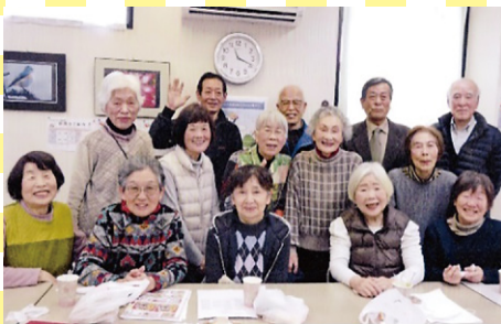
グラウンド・ゴルフ なごみ会 (敦賀市)
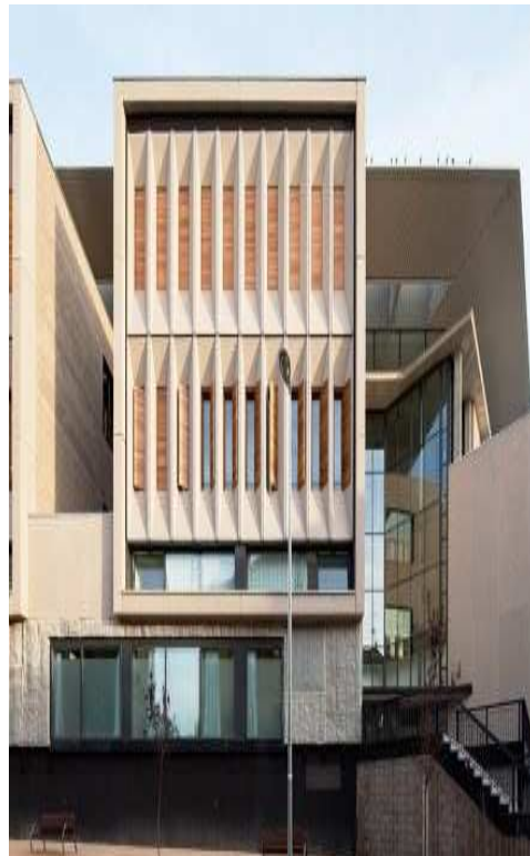
Fig.4 Primera fase del Campus de Segovia "María Zambrano" UVA
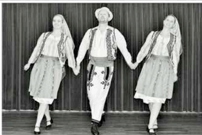
eindvoorstelling Dansensemble 16 juni
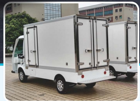
复合材料货箱+车尾后踏板（定制）
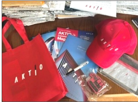
街のために貢献！アクティオのナバルティ（お披露目会での記念品）

お披露目では写真のようなアクティオのロゴ入りの赤いキャップ、メジャー、3色ボールペン、赤いバックなどが配られた。
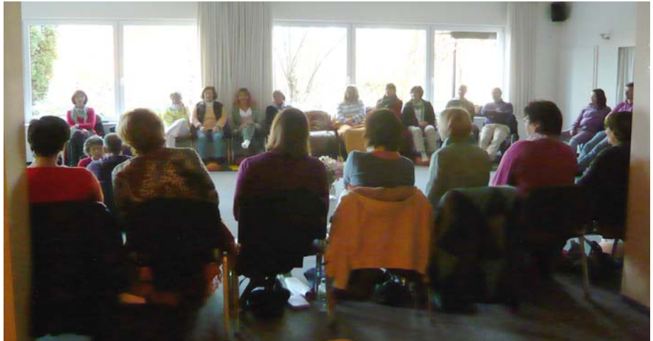
Seminarhotel Odenwald, Am Dachsrain 2, 64739 Hassenroth
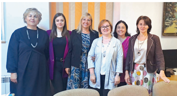
Personalul Asociației C.A.R.P. Bistrița

Îmbinarea armonioasă a celor două componente, de acordare a împrumuturilor cu acordarea de ajutoare nerambursabile și participarea la activități social-culturale, creează din C.A.R.P.-uri o entitate aparte, față de unitățile bancare sau instituțiile financiare nebancale, deoarece asigură și realizează un anumit gen de protecție socială a membrilor, în comunitățile din care provin, pentru că în lipsa acestora pensionarii și persoanele în vârstă s-ar afla, de cele mai multe ori, în imposibilitatea de a obține de altundeva un împrumut, resursele financiare necesare prin care să-și rezolve frecvent anumite nevoi existențiale.
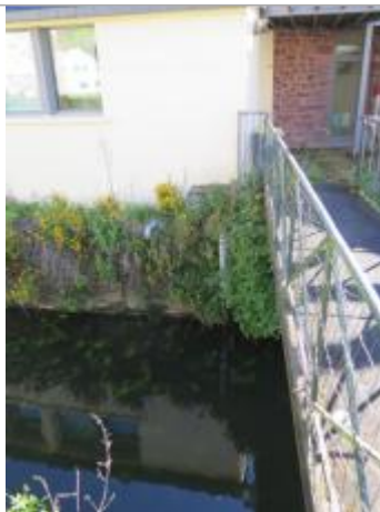
Echelle limnimétrique du Garun au centre ville de Montfort sur Meu
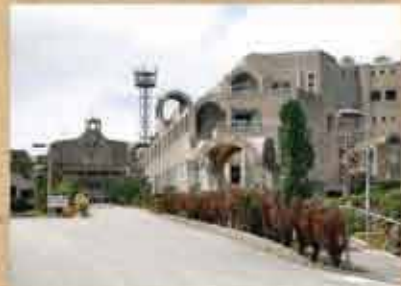
沖縄キリスト教学院大学・同短期大学 1959(昭和34)年、那覇市首里に開学。1989(平成元)年に現在の字小那覇に移転。開学当初は短期大学のみだったが、2008(平成18)年4月に沖縄キリスト教学院大学が開学した。
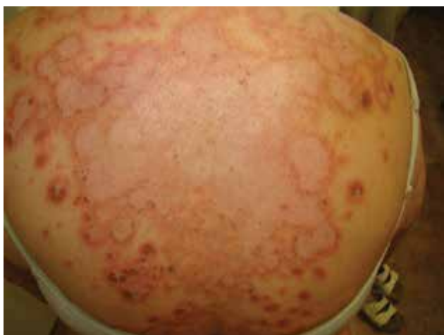
Obr. 2. Projevy SCLE v oblasti zad

Histologicky byla prokázána ložisková spongióza, četné nekrotické keratinocyty ve stratum spinosum a stratum basale, ložisková vakuolizace v zóně dermoepidermální junkce, lymfocytární exocytóza. V horní části koria byl perivaskulární lymfoidní infiltrát a edém, v dermis difúzně plazmocytoidně dendritické buňky (CD123 pozitivní) a depozita mucinu patrná v barvení koloidním železem. Imunofluorescenční vyšetření prokázalo pouze mírná depozita fibrinogenu v oblasti bazální membrány a pozitivní IgA struktury připomínající Civatteho tělíčka, zatímco IgM, IgG a C3 bylo negativní. Po provedení klinicko-patologické korelace nálezu byl histopatologický
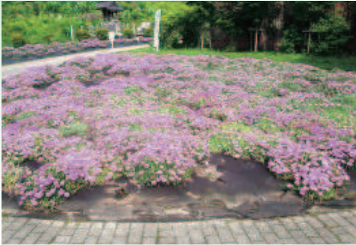
見ごろを迎え咲き誇る松葉菊
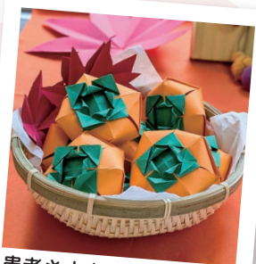
患者さまも職員も 一生懸命作りました!
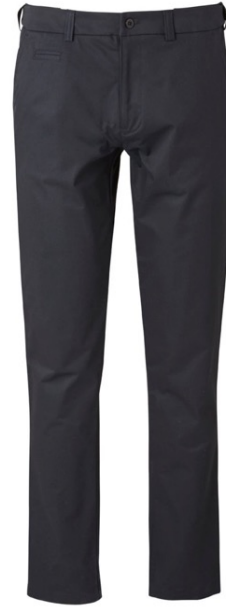
TUURI | 4006-BLK

****************************************

## What is needed
Only the lines from the one that holds "Obr. 2. Projevy SCLE v oblasti zad" through the final line of the material should be reproduced, word for word, with the pictures omitted.

## Response to the exercise
Obr. 2. Projevy SCLE v oblasti zad

Histologicky byla prokázána ložisková spongióza, četné nekrotické keratinocyty ve stratum spinosum a stratum basale, ložisková vakuolizace v zóně dermoepidermální junkce, lymfocytární exocytóza. V horní části koria byl perivaskulární lymfoidní infiltrát a edém, v dermis difúzně plazmocytoidně dendritické buňky (CD123 pozitivní) a depozita mucinu patrná v barvení koloidním železem. Imunofluorescenční vyšetření prokázalo pouze mírná depozita fibrinogenu v oblasti bazální membrány a pozitivní IgA struktury připomínající Civatteho tělíčka, zatímco IgM, IgG a C3 bylo negativní. Po provedení klinicko-patologické korelace nálezu byl histopatologický
見ごろを迎え咲き誇る松葉菊
患者さまも職員も 一生懸命作りました!
TUURI | 4006-BLK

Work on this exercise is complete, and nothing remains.